From the first line to the last, copy the listing exactly and omit the pictures.
BEGIN EXTRACTED RECORDS
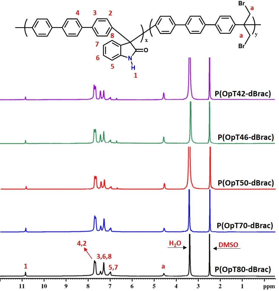 In this work, grafting alkaline stable piperidinium cations via ethylene oxide (EO) spacers onto an aryl ether-free poly(oxindole terphenylene) backbone was adopted as a strategy for designing self-aggregating side chain AEMs with optimized alkaline stability. Aryl ether-free poly(oxindole terphenylene) backbones were synthesized via superacid-catalyzed step-growth polycondensation and were subsequently functionalized with either piperidinium containing hydrophilic, dipolar EO or hydrophobic alkyl spacer, aiming to explore the effect of side chain-engineering on conductivity and alkaline stability of the resulting AEMs. The AEM membrane containing dipolar ethylene oxide spacer, despite its lower ion exchange capacity (IEC), exhibited a more pronounced microphase separated morphology as evidenced by TEM, and higher ionic conductivity (reaching up to 30.5 mS cm−1 at 80 °C) compared to the hydrophobic alkyl spacer-containing AEM membrane. This was attributed to its higher water uptake stemming from the EO hydrophilic nature and the formation of interconnected ion-conducting channels due to piperidinium–EO interactions. Additionally, the hydrophilic nature of the ethylene oxide groups endowed the membrane with enhanced alkaline stability, preserving its mechanical integrity and retaining 71.5% of its initial conductivity after 3 weeks of immersion in 2 M KOH at 80 °C. In contrast, the AEM with an alkyl spacer experienced severe degradation under the same conditions. These results suggest that incorporating flexible alkoxy-containing spacers onto an aryl ether-free backbone is a promising and simple route for fabricating mechanically and chemically robust AEMs with sufficient conductivity.
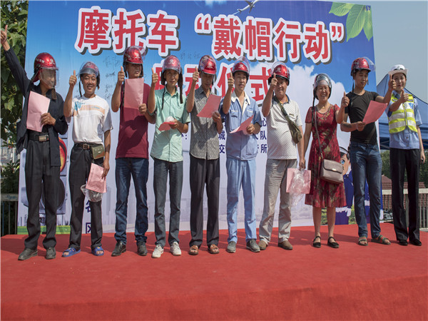 6月15日为全国安全生产主题咨询日,沅陵交警部门联合县运管、城管按照省市道安委关于摩托车“戴帽行动”、县文明卫生创建活动部署,开展免费发放摩托车头盔活动,活动现场领取头盔的摩托车驾驶人竖起高高的大拇指。
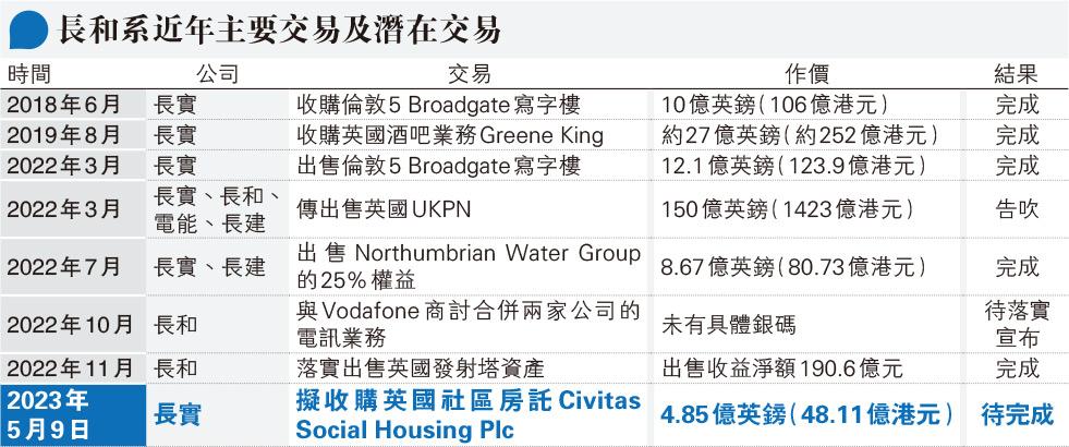 另外,長實在去年3月出售倫敦核心商業寫字樓5 Broadgate,交易作價123.9億元,淨套現74.67億元。該系公司及後亦將手上Northumbrian Water Group的25%權益出售,套現80.73億元。總結近年長和系在英國多項出售交易,淨套現共346.09億元。若非去年擬出售英國電力業務UKPN最終告吹,未能締造過千億元交易,否則套現金額將更多。
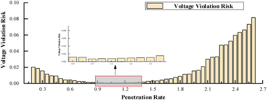 As shown in Figure 8, when the penetration rate reaches 100%, the voltage violation risk in the distribution network decreases to its minimum value of 6.892 × 10−4. However, within the penetration range of 100% to 130%, the risk of voltage violation gradually increases as the integration capacity of distributed generation (DG) rises, reaching a value of 9.565 × 10−4 at 130% penetration.
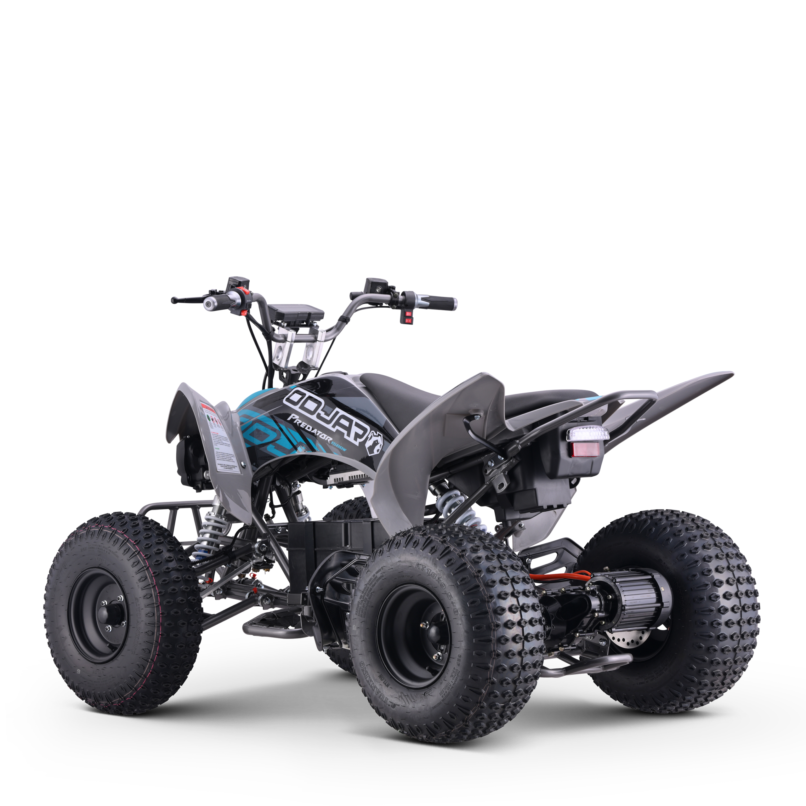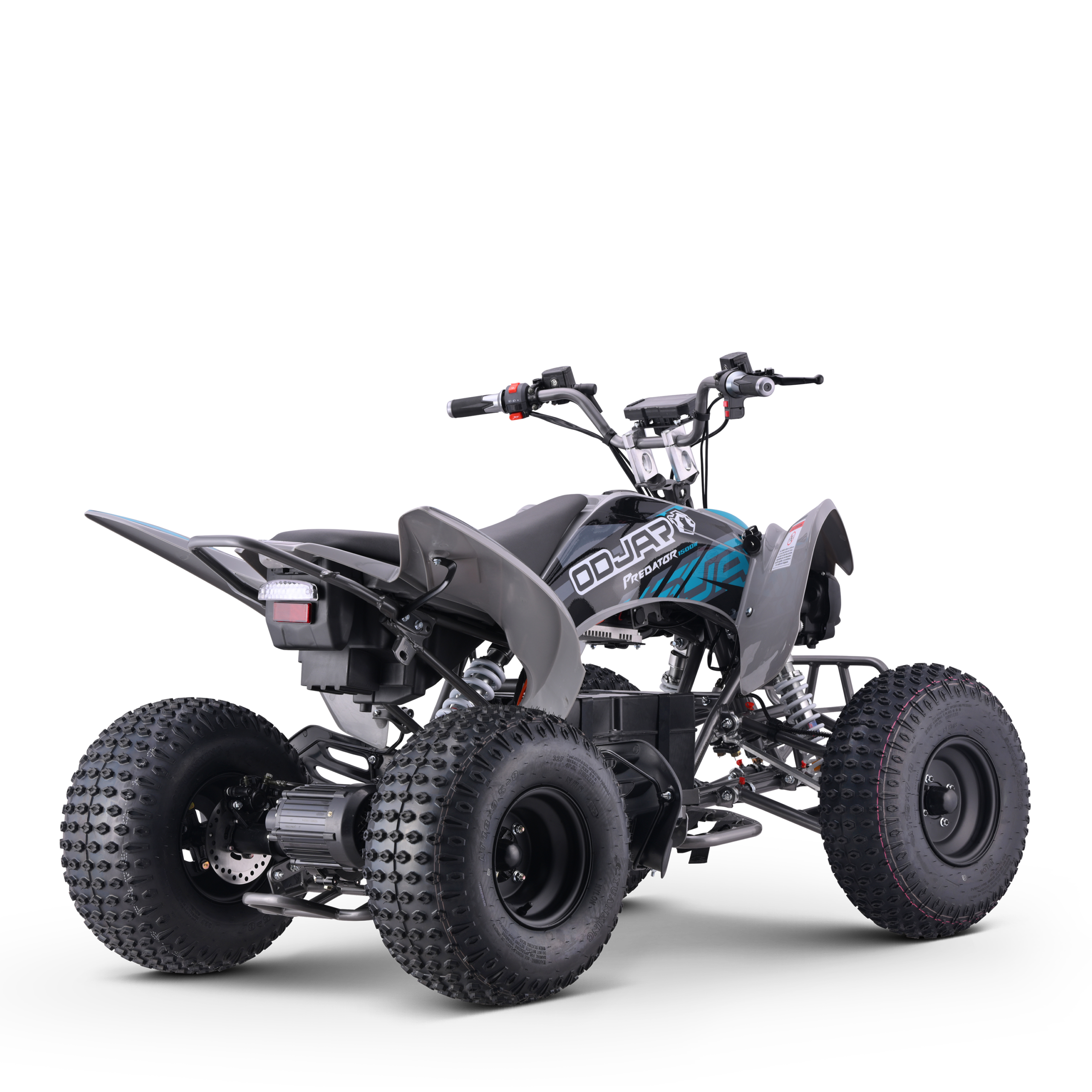 Le quad Odjar Predator 1500 W est un véhicule tout-terrain robuste et performant spécialement conçu pour les jeunes pilotes qui cherchent à explorer de nouveaux horizons. Avec son moteur électrique de 1500 W, ce quad offre une puissance adaptée pour une conduite dynamique et amusante. Sa conception et ses éléments de sécurité font du quad Predator 1500 W une option idéale pour les jeunes pilotes. Les moteurs proposés fournissent une puissance suffisante pour permettre aux jeunes pilotes de s'aventurer sur divers terrains tout-terrain avec confiance. La transmission automatique facilite la conduite, tandis que les freins adaptés aux enfants assurent un freinage efficace et sécurisé.
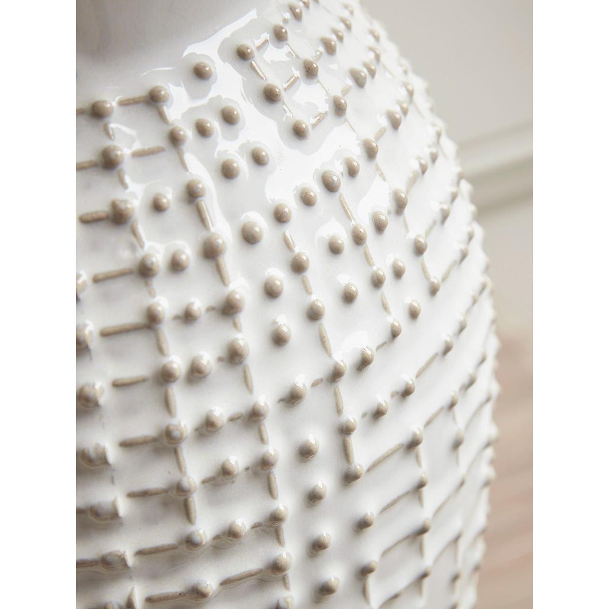 An elegant vase with a rich glossy cream glaze with a dot and dash relief pattern in a toning taupe colour that fades into a plain base. The vase has an urn like shape with a splayed lip, which is ideal for supporting tall branches and flowers.
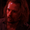 Description: Screenshot image of Captain Boyd from 1999 film Ravenous with a concerned expression and minor injuries on his face. The image is tinted in a red hue.
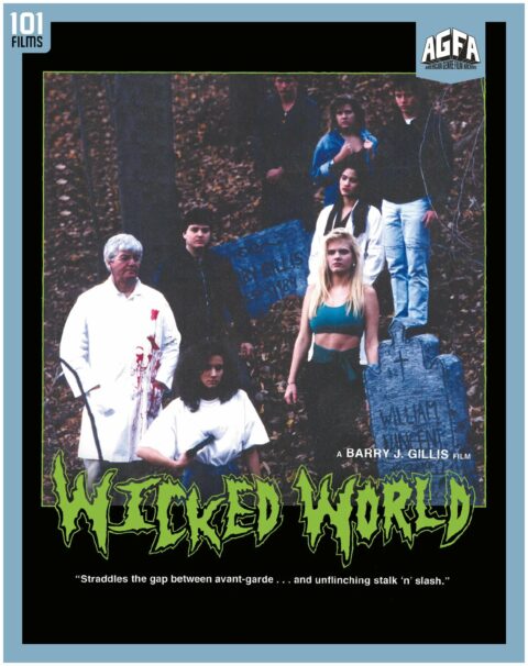 In 1989, filmmaker Barry J. Gillis and friends renewed the world’s faith in Canada with the horror brainbomb known as THINGS. But that was only the beginning. Virtually unseen until now, WICKED WORLD is not only Gillis’ 1991 follow-up to THINGS — it’s also a new form of genre anarchy. Grant Ekland (Gillis) is a cop who is haunted by the death of his girlfriend at the hands of a psychotic slasher named Harold. When Harold is released from an asylum, there’s only one option for Ekland: revenge! Filled with metal riffage, gnarly ultra-violence, and experimental techniques, WICKED WORLD feels like what would happen if Salvador Dali injected acid directly into his brain while staring at a Cannibal Corpse LP cover. This is a highly personal treatise on the toxicity of society from one of the most singular filmmakers in trash-horror history. If you survive WICKED WORLD, you’ll never forget it.
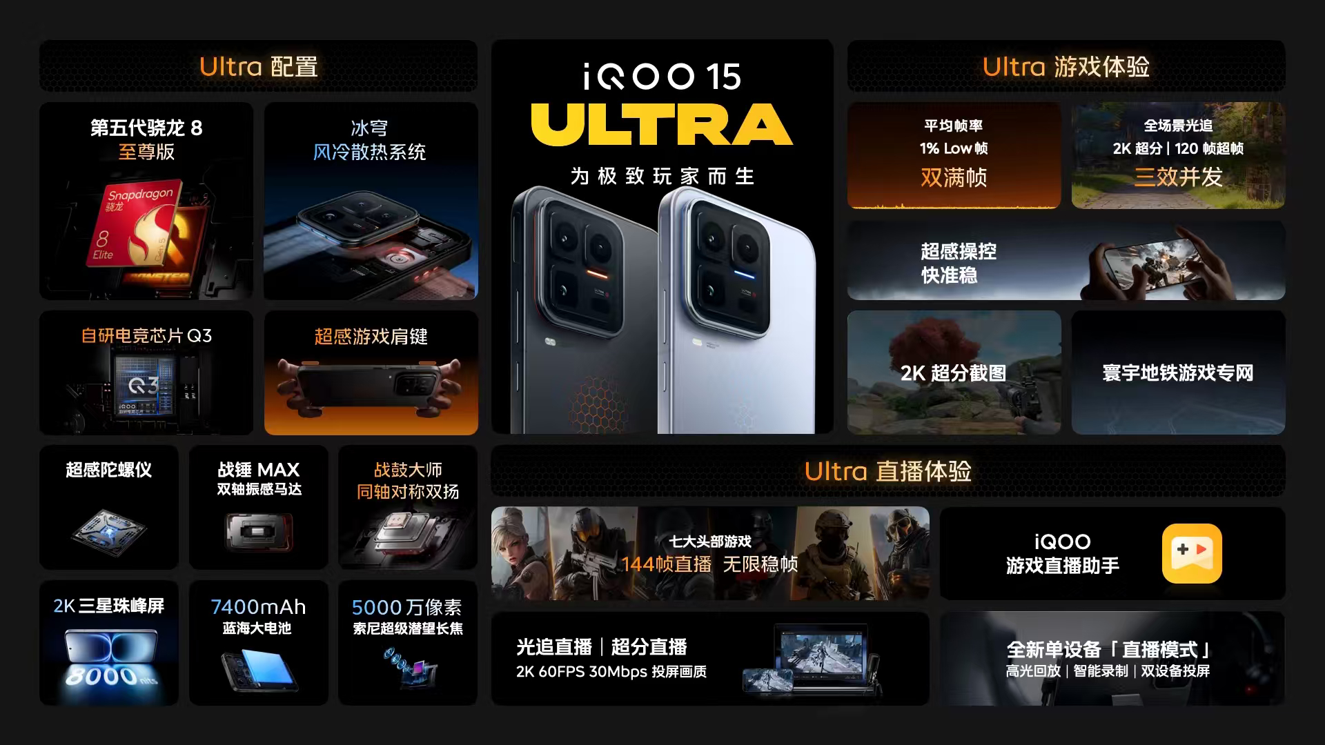 在今晚的发布会上,iQOO正式带来了iQOO 15 Ultra。这是iQOO首次在手机产品线上完整落地「性能Ultra」概念,从芯片、散热、屏幕到游戏生态,全面围绕重载游戏与高性能体验展开。
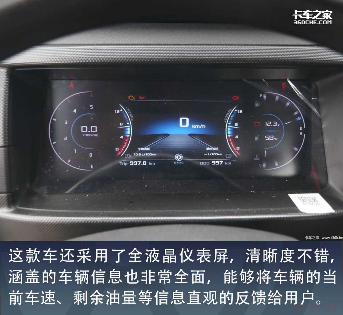 作为高端车型,这款车还采用了全液晶仪表屏,清晰度不错,涵盖的车辆信息也非常全面,能够将车辆的当前车速、剩余油量、尿素等信息直观的反馈给用户。
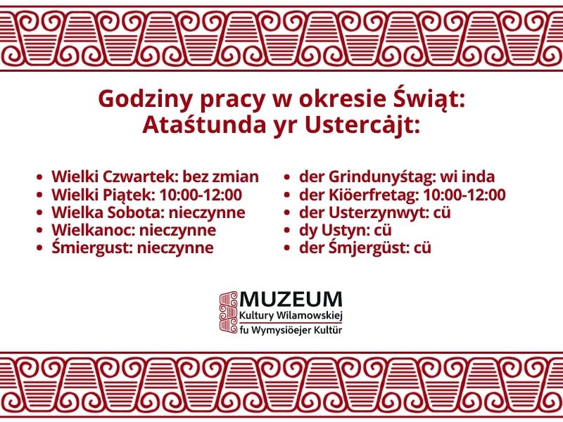 Szanowni Państwo, prezentujemy porządek pracy Muzeum w okresie Triduum Paschalnego i świąt Wielkiej Nocy:
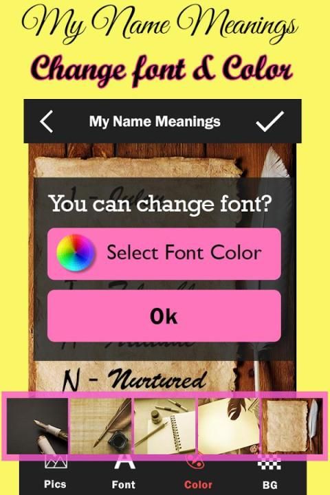 Мое имя означает: Стильное приложение имени обеспечить фактическое значение названия с красивым фоном и потрясающей функциональностью распространяется на имя текста.
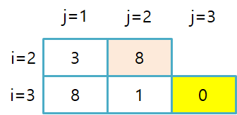 1번의 경우가 8로 더 크므로 D[3][3]에 8을 저장합니다.
END EXTRACTED RECORDS
- ANSWER TO THIS EXERCISE
 In this work, grafting alkaline stable piperidinium cations via ethylene oxide (EO) spacers onto an aryl ether-free poly(oxindole terphenylene) backbone was adopted as a strategy for designing self-aggregating side chain AEMs with optimized alkaline stability. Aryl ether-free poly(oxindole terphenylene) backbones were synthesized via superacid-catalyzed step-growth polycondensation and were subsequently functionalized with either piperidinium containing hydrophilic, dipolar EO or hydrophobic alkyl spacer, aiming to explore the effect of side chain-engineering on conductivity and alkaline stability of the resulting AEMs. The AEM membrane containing dipolar ethylene oxide spacer, despite its lower ion exchange capacity (IEC), exhibited a more pronounced microphase separated morphology as evidenced by TEM, and higher ionic conductivity (reaching up to 30.5 mS cm−1 at 80 °C) compared to the hydrophobic alkyl spacer-containing AEM membrane. This was attributed to its higher water uptake stemming from the EO hydrophilic nature and the formation of interconnected ion-conducting channels due to piperidinium–EO interactions. Additionally, the hydrophilic nature of the ethylene oxide groups endowed the membrane with enhanced alkaline stability, preserving its mechanical integrity and retaining 71.5% of its initial conductivity after 3 weeks of immersion in 2 M KOH at 80 °C. In contrast, the AEM with an alkyl spacer experienced severe degradation under the same conditions. These results suggest that incorporating flexible alkoxy-containing spacers onto an aryl ether-free backbone is a promising and simple route for fabricating mechanically and chemically robust AEMs with sufficient conductivity.
 6月15日为全国安全生产主题咨询日,沅陵交警部门联合县运管、城管按照省市道安委关于摩托车“戴帽行动”、县文明卫生创建活动部署,开展免费发放摩托车头盔活动,活动现场领取头盔的摩托车驾驶人竖起高高的大拇指。
 另外,長實在去年3月出售倫敦核心商業寫字樓5 Broadgate,交易作價123.9億元,淨套現74.67億元。該系公司及後亦將手上Northumbrian Water Group的25%權益出售,套現80.73億元。總結近年長和系在英國多項出售交易,淨套現共346.09億元。若非去年擬出售英國電力業務UKPN最終告吹,未能締造過千億元交易,否則套現金額將更多。
 As shown in Figure 8, when the penetration rate reaches 100%, the voltage violation risk in the distribution network decreases to its minimum value of 6.892 × 10−4. However, within the penetration range of 100% to 130%, the risk of voltage violation gradually increases as the integration capacity of distributed generation (DG) rises, reaching a value of 9.565 × 10−4 at 130% penetration.
 Le quad Odjar Predator 1500 W est un véhicule tout-terrain robuste et performant spécialement conçu pour les jeunes pilotes qui cherchent à explorer de nouveaux horizons. Avec son moteur électrique de 1500 W, ce quad offre une puissance adaptée pour une conduite dynamique et amusante. Sa conception et ses éléments de sécurité font du quad Predator 1500 W une option idéale pour les jeunes pilotes. Les moteurs proposés fournissent une puissance suffisante pour permettre aux jeunes pilotes de s'aventurer sur divers terrains tout-terrain avec confiance. La transmission automatique facilite la conduite, tandis que les freins adaptés aux enfants assurent un freinage efficace et sécurisé.
 An elegant vase with a rich glossy cream glaze with a dot and dash relief pattern in a toning taupe colour that fades into a plain base. The vase has an urn like shape with a splayed lip, which is ideal for supporting tall branches and flowers.
 Description: Screenshot image of Captain Boyd from 1999 film Ravenous with a concerned expression and minor injuries on his face. The image is tinted in a red hue.
 In 1989, filmmaker Barry J. Gillis and friends renewed the world’s faith in Canada with the horror brainbomb known as THINGS. But that was only the beginning. Virtually unseen until now, WICKED WORLD is not only Gillis’ 1991 follow-up to THINGS — it’s also a new form of genre anarchy. Grant Ekland (Gillis) is a cop who is haunted by the death of his girlfriend at the hands of a psychotic slasher named Harold. When Harold is released from an asylum, there’s only one option for Ekland: revenge! Filled with metal riffage, gnarly ultra-violence, and experimental techniques, WICKED WORLD feels like what would happen if Salvador Dali injected acid directly into his brain while staring at a Cannibal Corpse LP cover. This is a highly personal treatise on the toxicity of society from one of the most singular filmmakers in trash-horror history. If you survive WICKED WORLD, you’ll never forget it.
 在今晚的发布会上,iQOO正式带来了iQOO 15 Ultra。这是iQOO首次在手机产品线上完整落地「性能Ultra」概念,从芯片、散热、屏幕到游戏生态,全面围绕重载游戏与高性能体验展开。
 作为高端车型,这款车还采用了全液晶仪表屏,清晰度不错,涵盖的车辆信息也非常全面,能够将车辆的当前车速、剩余油量、尿素等信息直观的反馈给用户。
 Szanowni Państwo, prezentujemy porządek pracy Muzeum w okresie Triduum Paschalnego i świąt Wielkiej Nocy:
 Мое имя означает: Стильное приложение имени обеспечить фактическое значение названия с красивым фоном и потрясающей функциональностью распространяется на имя текста.
 1번의 경우가 8로 더 크므로 D[3][3]에 8을 저장합니다.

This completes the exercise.